Terakhir, bagaimana sebaiknya orang tua dari anak sindrom down menyikapi anaknya tersebut ?

  • Orang tua (suami dan istri) harus siap ketika dokter menyatakan bahwa anaknya menderita sindrom down. Sebagaimana kebanyakan orang tua ketika pertama kali tahu perihal penyakit anaknya yang berat atau disandang seumur hidup, orang tua membutuhkan adaptasi. Sangat mungkin ada rasa sedih, malu, kecewa, menyesal sampai merasa berdosa atas kondisi anaknya tersebut.
  • Setelah melewati fase adaptasi, orang tua hendaknya mencari penjelasan menyeluruh dan utuh perihal anaknya. Dengan begitu orang tua dapat meneruskannya kepada keluarga yang lain dan lingkungannya. Selain itu orang tua dapat melakukan secara dini segala upaya menumbuh kembangkan anaknya secara maksimal.
  • Masalah medis yang penting harus diketahui secara dini adalah ada tidaknya penyakit jantung bawaan pada anak sindrom down.

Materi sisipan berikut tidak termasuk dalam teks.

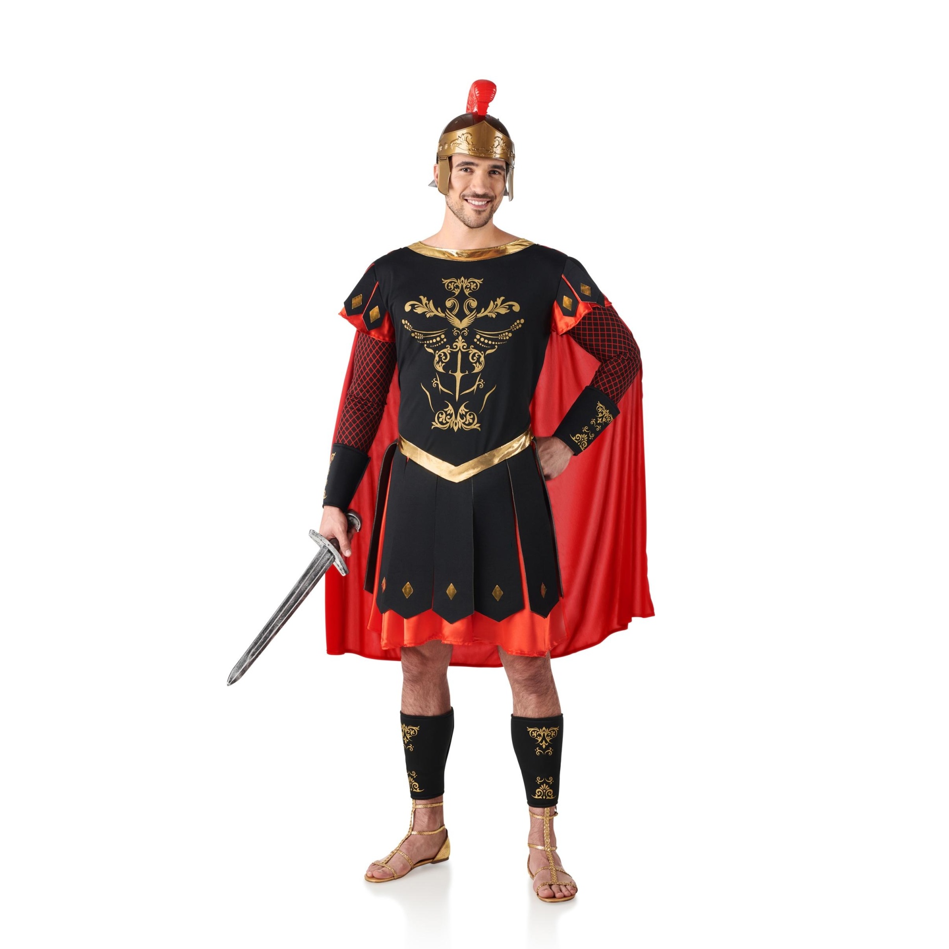 Fato de gladiador romano com capa vermelha e capacete dourado

Bila anak mengidap penyakit jantung bawaan, tanyakan pada dokter kapankah pengobatan harus dilakukan. Dokter ketika tahu seorang anak adalah penderita sindrom down, biasanya akan melakukan evaluasi menyeluruh sehingga dari awal sudah diketahui masalah medis yang berat dan perlu ditangani.
  • Bila anak tampak pucat, demam lama atau gampang sakit, pikirkan kecurigaan adanya lekemia. Seperti diketahui anak dengan sindrom down lebih sering terkena lekemia dibanding anak yang lain.

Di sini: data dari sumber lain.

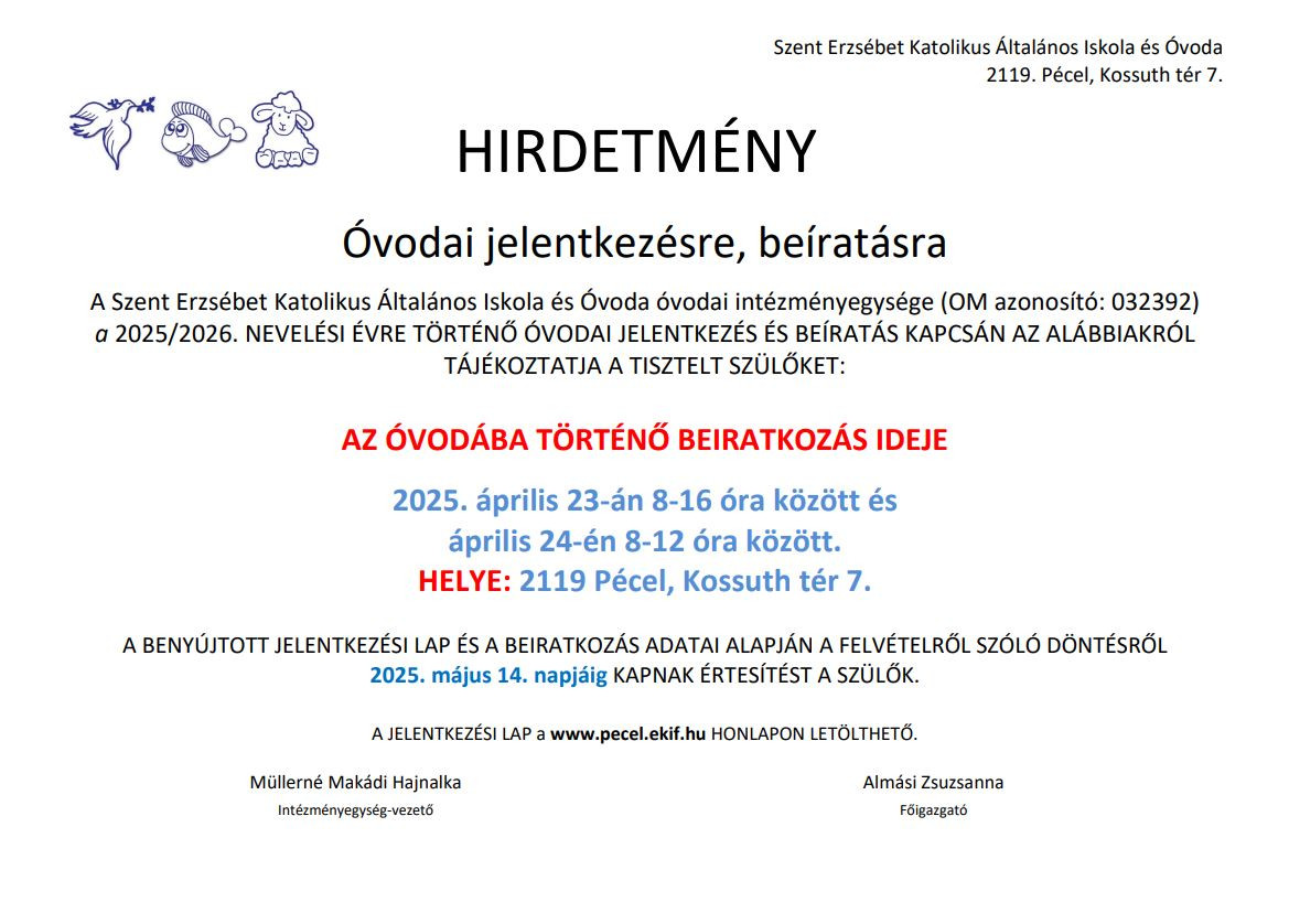 Kezdőlap Hírek Hirdetmények Óvodai jelentkezés és beíratás - Szent Erzsébet Katolikus Általános Iskola és Óvoda 2025 április 07. Óvodai jelentkezés és beíratás - Szent Erzsébet Katolikus Általános Iskola és Óvoda

  • Selain penyakit jantung bawaan dan lekemia, anak dengan sidrom down kemungkinan punya banyak kelainan di berbagai organ, sehingga membutuhkan kosultasi dan penanganan dari berbagai dokter ahli seperti dokter ortopedi, ahli mata, THT, gigi-mulut dll.

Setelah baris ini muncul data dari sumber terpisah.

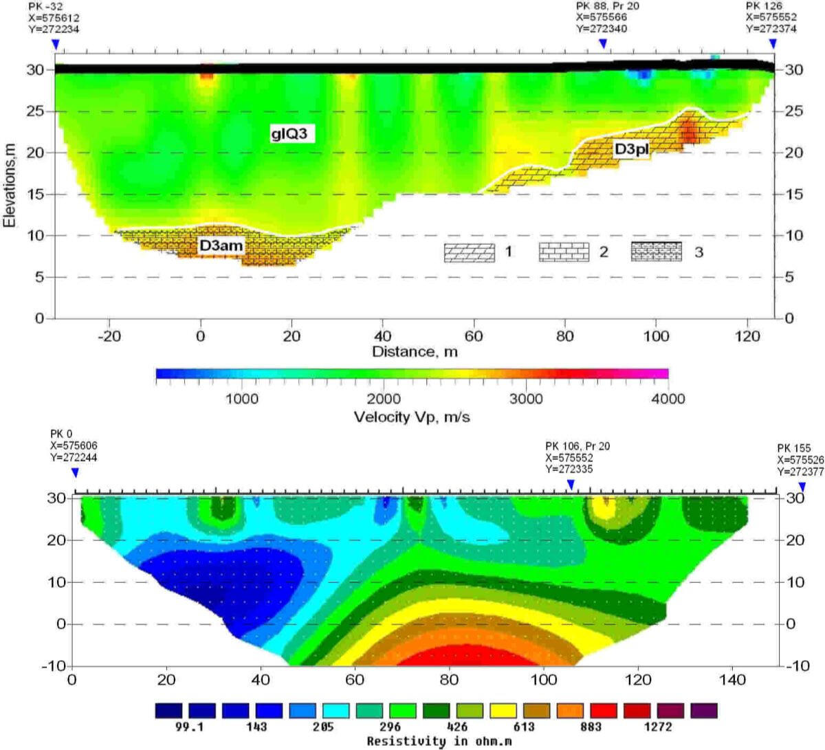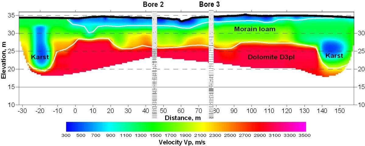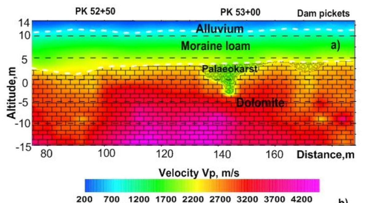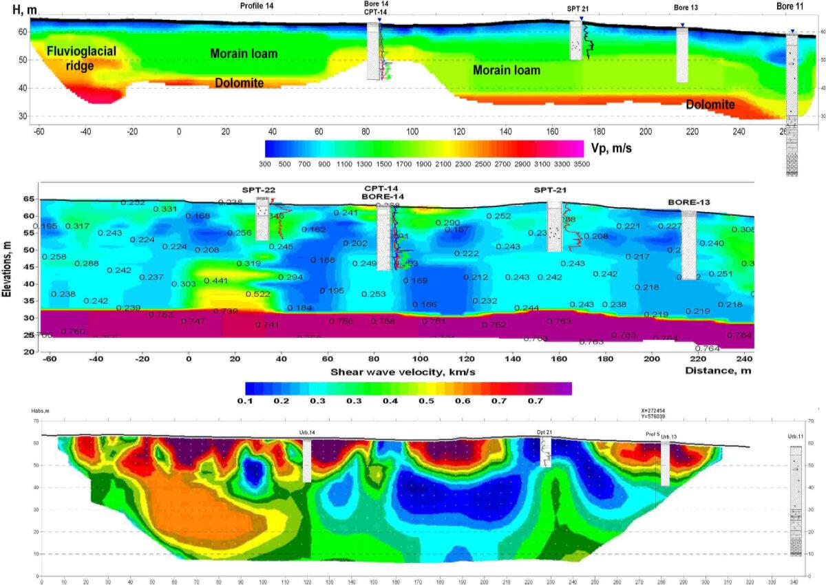 At the top – a section with a high-resistance layer of dry bulk sand near the HPP substation covering a thickness of water-saturated moraine loams in the middle part of the projected spillway. Below - a section with a layer of moist alluvial sand and moraine loam, lying on the bedrock dolomites on the site of the projected water dropping sump of reserved spillway in the lower pool of the dam. The manifestations of active and buried karst are outlined in this area, which can be seen in the section of apparent resistances in the form of its lower values, as well as in the sections of P-wave Vp and S-wave velocities according to the seismic survey performed here. During the drilling of geotechnical boreholes the presence of weathered dolomite and dolomite near the border of the moraine and the bedrock surface were revealed.

  • Mengingat kebanyakan anak sindrom down mengalami retardasi mental ringan sampai berat, anak membutuhkan sekolah khusus (SLB) untuk pendidikan lanjutan setelah taman kanak-kanak.
  • Anak sindrom down mempunyai potensi tau bakat yang relatif sama dengan anak normal lainnya. Dengan intervensi dini dan melatihnya secara telaten, anak dapat diajarkan berbagai hal antara lain : balet/menari, bermain piano atau alat musik lainnya, melukis, bermain sandiwara, kerajinan tangan dsb.
  • Anak dengan sindrom down harus mendapat perlakuan dan pemenuhan kasih sayang layaknya anak yang lain. Berikan kesempatan yang sama untuk anak bertumbuh dan berkembang. Anak tidak perlu diisolir atau diproteksi berlebihan, anak harus bersosialisasi dengan lingkungannya.
  • Orang tua hendaknya aktif dalam perkumpulan orang tua penderita sindrom down untuk saling bertukar pikiran dan memberikan saran satu dengan yang lainnya. Dengan berkumpul seperti ini, orang tua tidak merasa sendiri dan ini dapat saling menguatkan.